Het klinische beloop van longembolie is het meest acuut ("fulminant"), acuut, subacuut (langdurig) en chronisch recidiverend. In de regel is de snelheid van de ziekte geassocieerd met het volume van trombose van de takken van de longslagaders.

Door ernst scheiden ze een ernstige (geregistreerd in 16-35%), matige (45-57%) en milde (15-27%) ontwikkeling van de ziekte uit.

Van groter belang voor het bepalen van de prognose van patiënten met longembolie is de risicostratificatie volgens moderne schalen (PESI, sPESI), die 11 klinische indicatoren omvat. Op basis van deze index behoort de patiënt tot een van de vijf klassen (I-V), waarin de mortaliteit gedurende 30 dagen varieert van 1 tot 25%.
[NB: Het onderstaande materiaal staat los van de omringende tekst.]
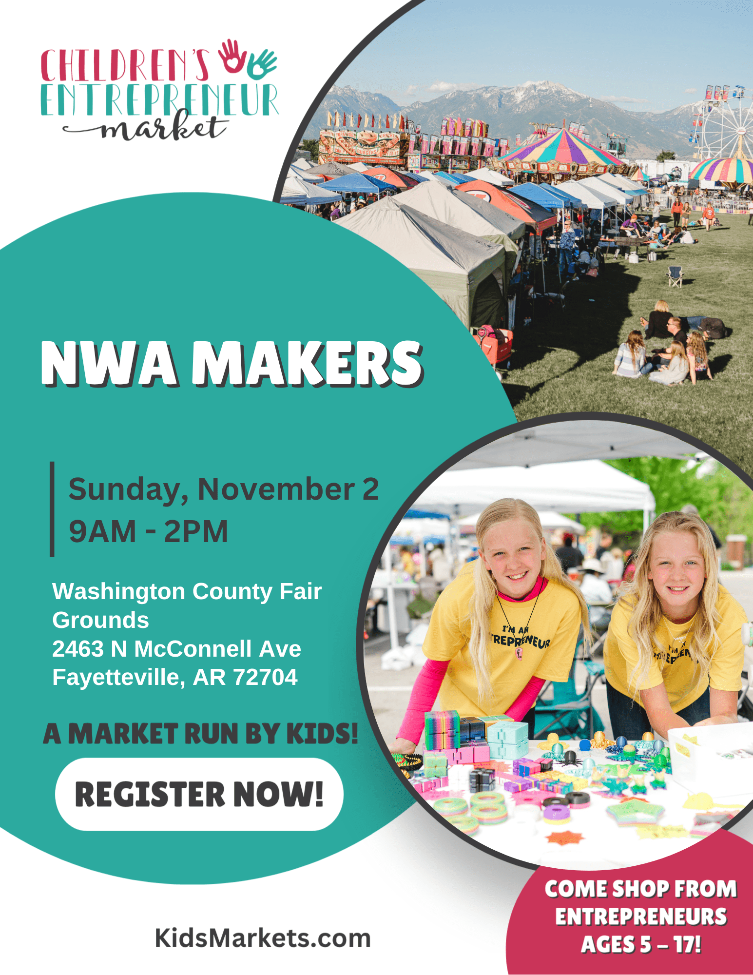 The Children’s Entrepreneur Market is thrilled to be back with NWA Makers for the Big Fall Event! Local kids will join artists, makers, and craftsmen from across Northwest Arkansas to showcase their amazing products and creativity. This market will be at Washington County Fairgrounds in Fayetteville on Sunday November 2nd, kid vendors will be there from 9AM-2PM.

Complicaties van longembolie

Acute longembolie kan hartstilstand en plotselinge dood veroorzaken. Met de geleidelijke ontwikkeling van chronische trombo-embolische pulmonale hypertensie, progressieve rechterventrikel circulatoire insufficiëntie.

Chronische trombo-embolische pulmonale hypertensie (CTELG) is een vorm van de ziekte waarbij sprake is van een trombotische obstructie van de kleine en middelgrote takken van de longslagader, resulterend in verhoogde druk in de longslagader en verhoogde belasting van het rechter hart (boezem en ventrikel). CTELG is een unieke vorm van de ziekte, omdat het potentieel kan worden genezen door chirurgische en therapeutische methoden. De diagnose wordt gesteld op basis van gegevens uit de katheterisatie van de longslagader: de druk in de longslagader stijgt tot boven 25 mmHg. Art., Toename van de pulmonale vasculaire weerstand boven 2 U hout, detectie van emboli in de longslagaders tegen de achtergrond van langdurige anticoagulerende therapie gedurende meer dan 3-5 maanden.

Ernstige complicatie van CTEPH is een progressief rechterventriculair circulatoir falen. Kenmerkend is zwakte, hartkloppingen, verminderde belastingstolerantie, het optreden van oedeem in de onderste ledematen, vochtophoping in de buikholte (ascites), borst (hydrothorax), hartzak (hydropericardium). In dit geval is dyspnoe in een horizontale positie afwezig, er is geen stagnatie van bloed in de longen. Vaak is het bij dergelijke symptomen dat de patiënt voor het eerst naar een cardioloog gaat. Gegevens over andere oorzaken van de ziekte zijn niet beschikbaar. Langdurige decompensatie van de bloedsomloop veroorzaakt dystrofie van interne organen, verhongering van eiwitten, gewichtsverlies. De prognose is vaak ongunstig, tijdelijke stabilisatie van de aandoening is mogelijk op de achtergrond van medicamenteuze behandeling, maar de reserves van het hart zijn snel uitgeput, de zwelling vordert, de levensverwachting overschrijdt zelden meer dan 2 jaar.

Diagnose van longembolie

Diagnostische methoden die worden toegepast op specifieke patiënten zijn in de eerste plaats afhankelijk van de bepaling van de waarschijnlijkheid van longembolie, de ernst van de toestand van de patiënt en het vermogen van medische instellingen.

Een diagnosealgoritme wordt gepresenteerd in het 2014 PIOPED II-onderzoek (het toekomstig onderzoek naar diagnose van longembolie). [1]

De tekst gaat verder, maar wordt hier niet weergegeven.